ElasticNet Regression#
Elastic net is the combination of both previous regularization techniques. It has two hyperparameters: \(\alpha\) and the l1-ratio. The l1-ratio determines the weight of the l1 and l2 norm and can be between 0 and 1. In the example below, we will employ additionally an alternative to the grid search. RandomizedSearchCV will train models only for a number of randomly selected combinations of hyperparameters.
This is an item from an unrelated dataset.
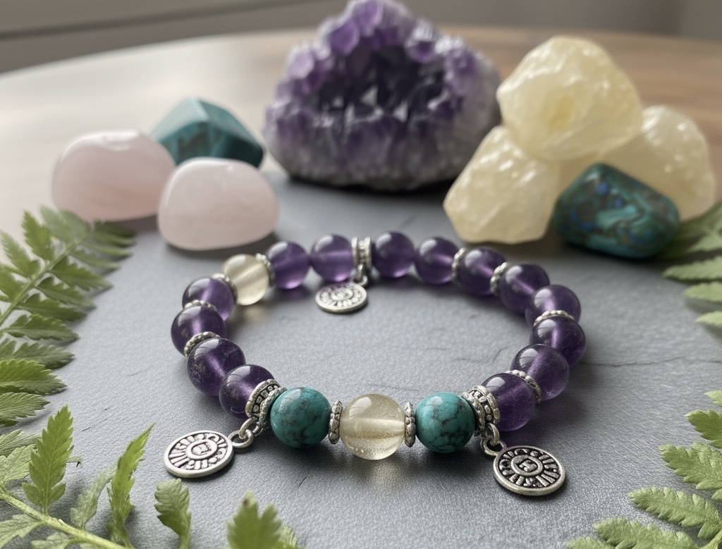 Цитрин, аметист и азурмалахит — это браслет для тех, кто понял: первый уровень пройден, пора идти глубже. Вы уже получаете ответы. Уже двигаетесь. Уже развиваетесь. Но где-то внутри чувствуете: это не всё. Есть что-то глубже. Что-то истинное.

Thus, it is efficient for a large number of hyperparameters but it might miss the optimal values.
from sklearn.preprocessing import PolynomialFeatures
from sklearn.linear_model import ElasticNet
from sklearn.model_selection import RandomizedSearchCV
num_pipeline = make_pipeline(PolynomialFeatures(degree=4, include_bias=True),StandardScaler())
cat_pipeline = make_pipeline(OneHotEncoder(sparse_output=False))
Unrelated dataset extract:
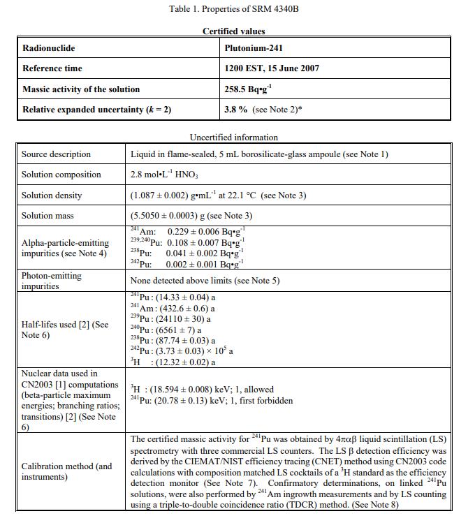 標準參考物質 NIST SRM 4340B - 钚-241放射性標準

preprocessing = ColumnTransformer([("num",num_pipeline, make_column_selector(dtype_include=np.number)),
("cat",cat_pipeline, make_column_selector(dtype_include=object)),])
model_elasticnet = make_pipeline(preprocessing, ElasticNet(max_iter=10000,tol=0.01,random_state=42))
param_distribs = {'elasticnet__alpha': [0.01,0.05,0.1,0.5,1],
'elasticnet__l1_ratio': [0.1,0.2,0.3,0.4,0.5,0.6,0.7,0.8,0.9]}
rnd_search = RandomizedSearchCV(model_elasticnet, param_distributions=param_distribs, n_iter=20, cv=5,
scoring='neg_root_mean_squared_error', random_state=42)
rnd_search.fit(X_train, y_train)
cv_hyperpara = pd.DataFrame(rnd_search.cv_results_)
cv_hyperpara.sort_values(by="mean_test_score", ascending=False, inplace=True)
cv_hyperpara.head()
mean_fit_time | std_fit_time | mean_score_time | std_score_time | param_elasticnet__l1_ratio | param_elasticnet__alpha | params | split0_test_score | split1_test_score | split2_test_score | split3_test_score | split4_test_score | mean_test_score | std_test_score | rank_test_score | |
---|---|---|---|---|---|---|---|---|---|---|---|---|---|---|---|
9 | 0.143747 | 0.076474 | 0.007933 | 0.002688 | 0.4 | 0.01 | {'elasticnet__l1_ratio': 0.4, 'elasticnet__alp... | -5.132070 | -4.486064 | -3.815053 | -3.763908 | -3.765210 | -4.192461 | 0.543637 | 1 |
6 | 0.082414 | 0.009320 | 0.006356 | 0.000242 | 0.5 | 0.01 | {'elasticnet__l1_ratio': 0.5, 'elasticnet__alp... | -5.144582 | -4.374075 | -3.841969 | -3.824129 | -3.791464 | -4.195244 | 0.521304 | 2 |
10 | 0.059473 | 0.007288 | 0.006203 | 0.000154 | 0.7 | 0.01 | {'elasticnet__l1_ratio': 0.7, 'elasticnet__alp... | -5.256995 | -4.363637 | -3.873677 | -3.893520 | -3.835811 | -4.244728 | 0.541676 | 3 |
8 | 0.046171 | 0.003873 | 0.006102 | 0.000098 | 0.9 | 0.01 | {'elasticnet__l1_ratio': 0.9, 'elasticnet__alp... | -5.325776 | -4.433316 | -3.929402 | -3.976640 | -3.888517 | -4.310730 | 0.544176 | 4 |
14 | 0.042612 | 0.002461 | 0.005982 | 0.000127 | 0.9 | 0.05 | {'elasticnet__l1_ratio': 0.9, 'elasticnet__alp... | -5.629445 | -5.646073 | -4.293566 | -4.542854 | -4.297907 | -4.881969 | 0.623686 | 5 |
The best set of hyperparameters has an average RMSE of 4.19 kJ/mol. Thus, the combination of both regularization techniques did not result in a better model than applying solely ridge regression.